Bull’s death by handkerchief leaves Spaniards divided
Matador’s curious gesture at Seville’s spring festival angers animal rights campaigners
Spanish matador Morante de la Puebla touches the horn of a bull during a bullfight at The Maestranza bullring in the Andalusian capital of Seville. Photograph: Marcelo del Pozo/Reuters
A well-known matador’s treatment of the bull he was facing has drawn the ire of Spanish animal rights campaigners and once again thrown bullfighting into controversy. But the focus of the uproar is neither a sword nor a cape – it is a handkerchief.
In a bullfight at Seville’s prestigious spring festival on Friday, Morante de la Puebla surprised the public shortly before killing the bull he was facing. With the animal immobile and bleeding from its neck and back, where spiked sticks had been planted as is customary, video footage showed the bullfighter taking a handkerchief from his pocket and delicately wiping the bull’s face, just beneath the eyes.
The footage soon went viral, drawing admiration from some and fierce criticism from others.
The bullfighting website esDeToros said the gesture was one of the highlights of the Seville festival, interpreting it as Morante wiping tears from the bull’s eyes. One fan, who also praised the bullfighter, suggested on Twitter that he was “drying the bull’s sweat with his handkerchief so that it wouldn’t suffer before he drove a sword through it”.
However, Silvia Barquero, of the PACMA animal rights party, said: “Only a twisted and perverse mind would be capable of torturing an animal until the blood runs down its legs before wiping moisture off its head.”
Journalist and commentator Gerardo Tecé had a similar response. “On top of torturing it, you do the thing with the handkerchief,” he tweeted. “You’re a psychopath, Morante.”
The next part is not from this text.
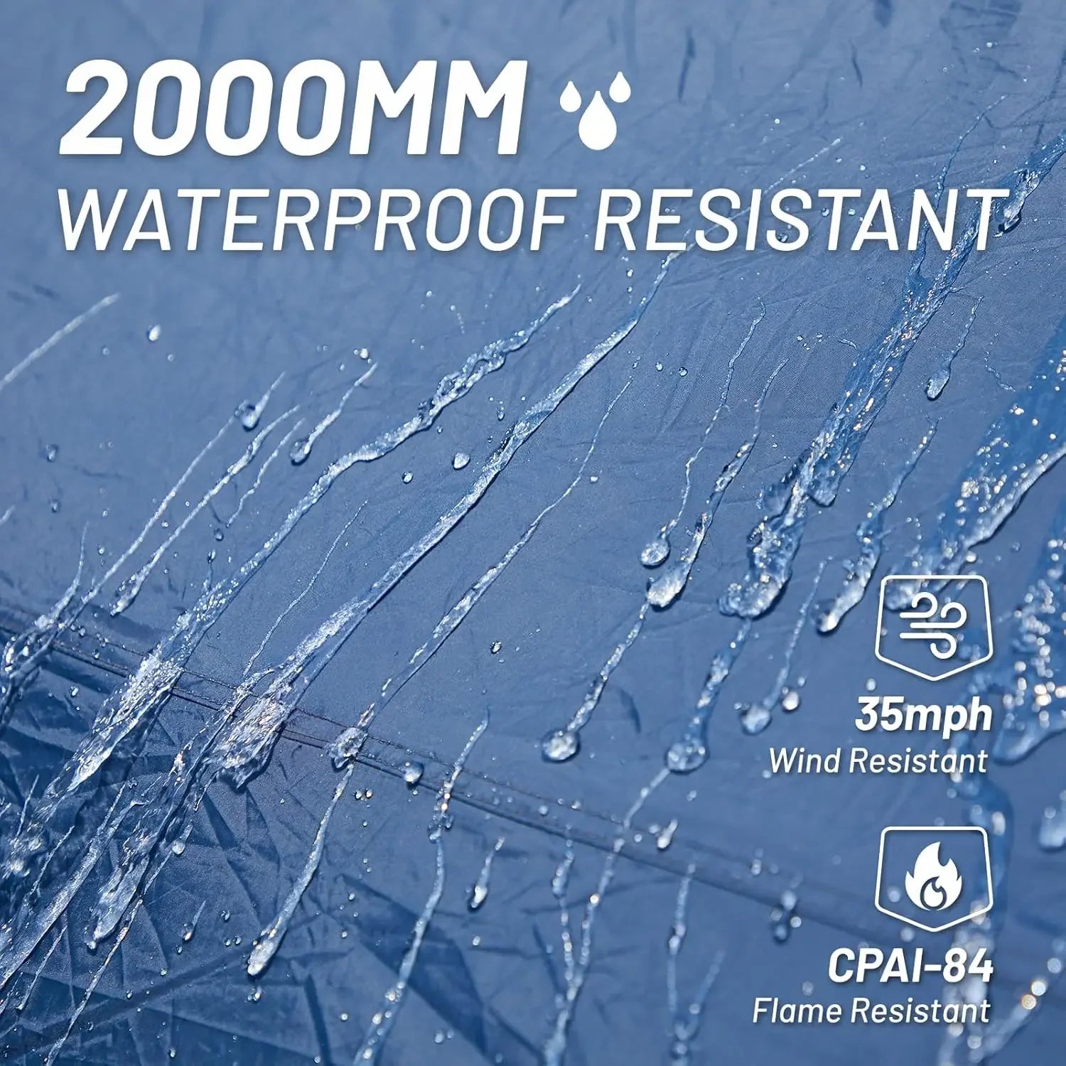 Weatherproof & Waterproof: Equipped with sturdy 66D taffeta polyester fabric, 2000mm of superior waterproofing, fully taped rainfly and sealed seams to ensure a dry and comfortable environment for your family. The included front porch provides extra water and weather protection. Sturdy fiberglass poles ensure stability for a long-lasting camping experience.

Morante has been a particularly divisive figure in recent months due to his endorsement of the far-right party Vox, which has called for greater support for bullfighting, and his friendship with its leader, Santiago Abascal. In December, threats were daubed on the wall of the bullfighter’s home near Seville accusing him of being a Nazi.
However, both his admirers and detractors appear to be wrong when it comes to his enigmatic gesture in the bullring last week. Experts say that he was neither consoling the bull nor cleaning its face, but rather paying homage to one of his heroes.
Joselito el Gallo, a celebrated matador who died while bullfighting in 1920 and whose career Morante greatly admires, used to dab the bull’s snout with a handkerchief in what was seen as an artistic flourish.
“Neither tears nor sweat,” wrote Antonio Lorca, the bullfighting critic of El País newspaper. “All Morante was doing…was giving a tip of the hat to his idol, in a tribute to a classic way of bullfighting, a detail from another era, an acknowledgement of the greatest bullfighter in history.”
Bullfighting has been facing increasing pressure from animal rights groups. In addition, the industry has been struggling since Spain’s most recent economic crisis started to bite a decade ago. Government figures show that last year, just over 1,500 bullfights were staged, the lowest number since records began in 2003.